Bruno’s European Café, which I reviewed last April, was a hole-in-the-wall like none I’d ever seen. In a tiny storefront off Pacific Highway Southwest in Lakewood, four tables provided seating for fewer than 18 diners. That capacity can be achieved only with communal seating. The line perpetually snaked out the door. I didn’t mind. It always was worth the wait.
Well, no more. The restaurant is on the move and will reopen today in a Tacoma space about three times the size of its former Lakewood location.
You’d never know Bruno’s old location had a kitchen the size of a walk-in closet. Despite the lack of space, chef/owner Bruno Tomaszewska, with his wife Kristina, produced gigantic German flavors. Think succulent rouladen, hearty goulash, ethereal potato dumplings, spaetzle and latkes. Oh, the latkes.
And don’t forget the cabbage rolls, cucumber salad and red cabbage. I nearly fell off my chair the first time I tried their pickle soup (made with Puyallup Valley-grown cucumbers). There really is a lot to like about this restaurant.
It was the refrigerator space, or lack of it, that prompted the owners to search for something a little more accommodating after a year in their former location.
On Jan. 31, they shut down the Lakewood café and have moved just off Pacific Avenue South and 108th Street South in the location that formerly housed Creole Café (near Frugal’s). Creole Café closed last summer after chef/owner Blandon Dillon died unexpectedly of heart disease July 11. It was Dillon’s family who told the Tomaszewskas about the restaurant availability, Kristina said.
“It has 50 seats, but we will probably do 40 or so seats,” Kristina said when I checked in with her by phone this week. “It’s perfect. We love it, and the kitchen is wonderful. I think the kitchen with the sink area is as big as the whole restaurant at the other place.”
And coming soon to the restaurant: An outdoor beer garden. Stay tuned. I’ll be on top of those details.

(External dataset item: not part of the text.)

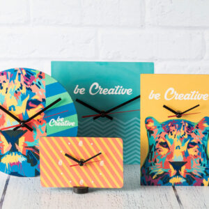 Custom made, square shaped HDF wood wall clock with custom graphic. Operates with 1 AA battery, without battery. MOQ: 50 pcs.
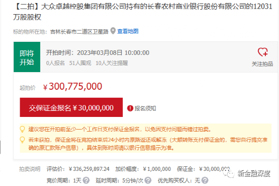 其中,大众卓越控股在长春农商行持有1.2亿股份,持股比例6.31%,是该行第六大股东。可以发现,该公司此番被拍卖的股份与总持股数额相等,即清仓拍卖。

Expect to see the same menu of German favorites with other European twists. If you have not yet eaten at Bruno’s, I recommend starting with the goulash, a slow-simmered brown gravy beef stew fortified with onions, porcinis, paprika and cream. Order it with a cabbage roll, which is the item that put the couple on the culinary map when they started selling pork-and-rice stuffed rolls at Tacoma Farmers Market several years ago. It would be a crime against humanity if you didn’t try the potato dumplings with mushroom gravy.
Bruno’s is the first restaurant for the couple in the area, but it’s not their first cooking venture. They owned a restaurant in New Jersey before moving to Lakewood 10 years ago after their son moved his family here. Before that, the couple moved from their native Poland to Germany to Greece to New Jersey (with stops in between). Bruno cooked at many places along the way.
MORE BIG GERMAN EATS: BROWNS POINT DINER
It just goes without saying that German food is difficult to find in South Sound. I can count only a few restaurants that serve what I call authentic German grandma cuisine.
That’s one reason Browns Point Diner in Tacoma is offering a twice-monthly German night featuring the home cooking of Tanja Leek, a native of south Bavaria and fanatic for authentic German eats. Leek – who owns Browns Point Diner with her husband, Shane, and her mother-in-law, Sheila – started cooking her childhood German favorites every other Wednesday about a year ago.
“It’s been crazy, it’s been so busy,” said Leek of the German nights. The next one is March 2, and they follow a pattern of every other Wednesday.
On the menu are what Leek calls her family favorites – schnitzel, goulash, homemade sauerkraut, German fried potatoes and pickled red cabbage, among other specialties. The menu changes every time, but the theme always is homestyle German.
The March 2 dinner will feature Bratwurst with German fried potatoes and housemade sauerkraut.
Of the kraut, Leek said: “I make it with applesauce, sautéed onions, a little bit of broth and spices: thyme, oregano, a lot of caraway seeds, a little bit of a sweet wine, white zinfandel, and I add bacon at the very end. I put apple cider vinegar and red wine vinegar in it, too. I let it sit overnight to let the flavors meld.”
Two brats on the kraut with the housemade German fried potatoes will set you back $9.75.
At future dinners, expect to see Leek’s housemade pork schnitzel, her brown-gravy goulash and potato pancakes. Dinners range from $9.75-$12.50. Leek suggested making reservations or phoning ahead to reserve a dinner. They sell out fast.